Frank: An older man I met at the first AA meeting where I felt comfortable enough to actually sit through the whole thing and not hide or leave early. He's had a reoccurrence of his cancer, which started as skin cancer but has now spread to multiple areas. He's starting chemo and radiation soon. It's not looking good for him.

John: A member of my IOP group who is really struggling right now. He's a heroin addict who recently relapsed and now just can't seem to string together more than a few clean days at a time. I worry about him because he says he really wants to get clean more than anything else, but won't seem to put in that last bit of fight to do it. He reminds me of me because though he insists he's not afraid of or uncomfortable in 12-step meetings he refuses to go. Stupidface has now required he attend at least one 12-step meeting per day in order to stay in IOP. He's who most of my "yay AA" rant/speech was directed towards (though I'm guessing looking back he was probably rolling his eyes on the inside just like I always was when ppl would give that speech to me).
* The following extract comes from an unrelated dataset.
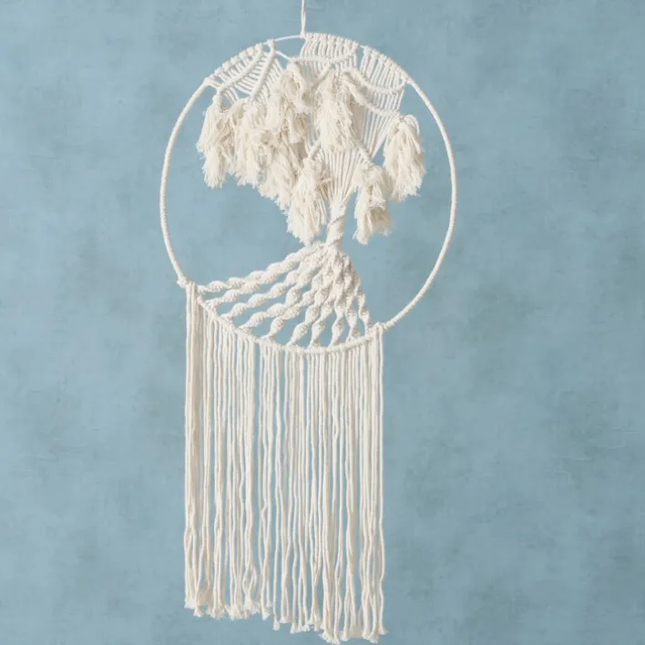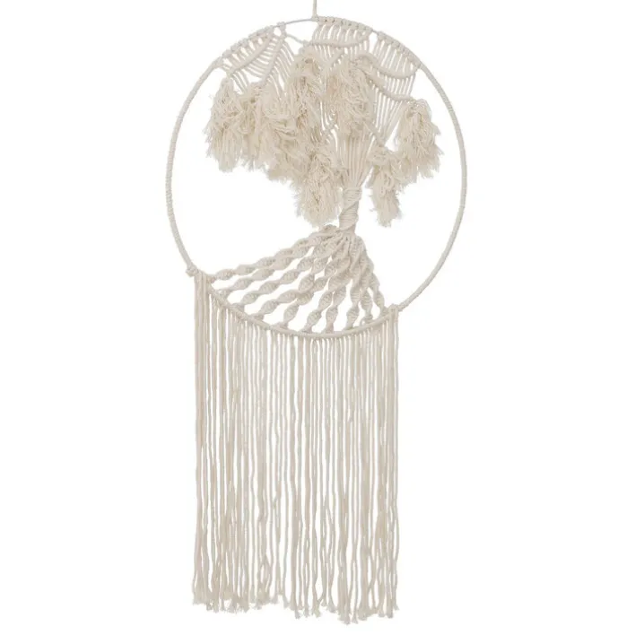 Für die kunstvolle Wanddeko TANIYA werden Schnüre in einer aus dem Orient stammenden Knüpftechnik sorgsam miteinander verknotet, sodass das Abbild eines kraftvollen Baumes entsteht. Die Wurzeln des Baumes gehen in Fransen über. An dem in die Wanddeko eingearbeiteten Aufhänger kann sie sofort aufgehängt werden.

Alexis: A girl about my age that I met at the meeting I went to tonight. This was a heavy meeting with lots of really tough stuff being shared (by far the most intense I've ever been to) but Alexis's story really got to me. She had been in a serious relationship with someone she met when they were both in recovery, but after a couple of years clean he went back to using heroin. He tried to drag her down by blaming her for his using, but she found the strength to leave him and keep her own sobriety intact. Then not long after the father of her children shows up again after having taken the kids and moved across the country years ago. He apparently has his own issues going on and drops the kids with her. While happy to have her kids, she's never really been a mom to them and is now suddenly having to be the full time single parent while the father acts controlling and offers next to no help. She's terrified at this new responsibility she's facing with 3 kids (8, 6, and 6) with no help, support system, or vehicle. She only spoke for a few minutes but I was absolutely wowed by her. Here is a woman in tears facing so much and being so open and honest about how much she is struggling. I kept thinking how scary it must be for her kids to be going through all this change, as well as for her. Just an impossible situation all around...and with so much riding on it! I felt so totally drawn to her that, in going with my recent "go with my gut" theory I've been working on (will have to blog about that later), I went to her afterwards and gave her my number and told her to call me if she needs a ride somewhere, an insanity-preventing break from her kids, etc. I think it was the first time I actually approached someone after a meeting and introduced myself. I hope she calls me...I'm really excited about doing stuff to help people after my night with Becky last week...and I really want to see her succeed.